In addition to more depolarized EGABAA values, the active period is associated with a net potentiation of cortical excitatory synaptic connections37. Consistent with this, when we measured miniature excitatory post-synaptic currents (mEPSCs; Figure 1D), we observed a higher mEPSC frequency at ZT15 compared to ZT3 (Figure 1E-F)5,6. To assess whether the depolarized EGABAA at ZT15 contributes to the potentiation of excitatory synaptic connections, we blocked the Cl- co-transporter, NKCC1, which is upregulated during the active period and contributes to the more depolarized EGABAA in pyramidal neurons8. The NKCC1 blocker, bumetanide, was infused in vivo into S1 from the start of the active period and slices were prepared at ZT15 (Figure 1G). mEPSC frequency was found to be reduced following bumetanide treatment compared to vehicle control (Figure 1H-I). These data suggest that depolarized EGABAA contributes to an increase in mEPSC frequency observed at ZT15, and implicate EGABAA in the net potentiation of excitatory synaptic connections associated with the active period37.

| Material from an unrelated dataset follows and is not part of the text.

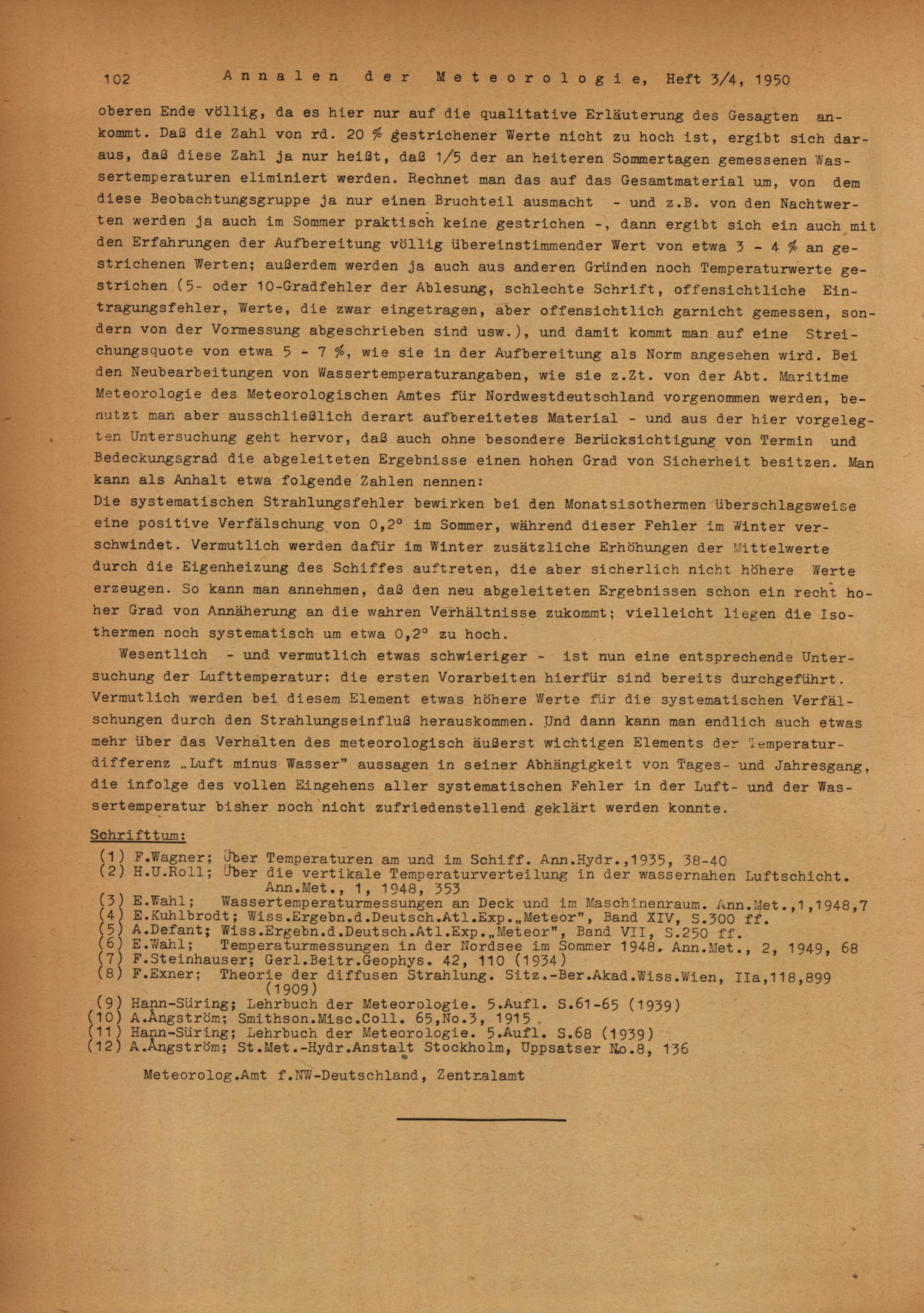 Strahlungseinflüsse bei der Wassertemperaturmessung an Bord von Schiffen

EGABAA effects upon membrane potential dynamics generate differences in LTP induction

To investigate how changes in EGABAA might affect glutamatergic synaptic potentiation, we examined how L5 pyramidal neurons respond to a canonical cortical circuit motif comprising monosynaptic excitation and disynaptic inhibition (Figure 2A and Figure S2)1315. Consistent with their more hyperpolarized EGABAA, gramicidin recordings at ZT3 revealed more hyperpolarized potentials during the disynaptic inhibitory window following stimulation. This was apparent when the post-synaptic neuron did not reach action potential threshold, and when the stimulus intensity was increased to a suprathreshold level (Figure 2B). In contrast, and consistent with their more depolarized EGABAA, ZT15 neurons tended to remain more depolarized and showed less hyperpolarization during the disynaptic inhibitory window (Figure 2B). These differences between ZT3 and ZT15 were also evident when the suprathreshold stimulus was used to evoke trains of postsynaptic spiking activity (Figure 2C; 100 Hz, 4 pre-synaptic stimuli), such as those shown to elicit LTP at excitatory synapses onto L5 pyramidal neurons16. Consistent with their more depolarized EGABAA and its effects during the disynaptic inhibitory window, neurons at ZT15 exhibited greater residual depolarization between synaptically-evoked action potentials16,17, which increased over the train (Figure 2C). This residual depolarization could be quantified as the slope of the linear fit to the post-spike depolarization (Figure 2C and 2D), and was greater at ZT15 than at ZT3 (Figure 2E).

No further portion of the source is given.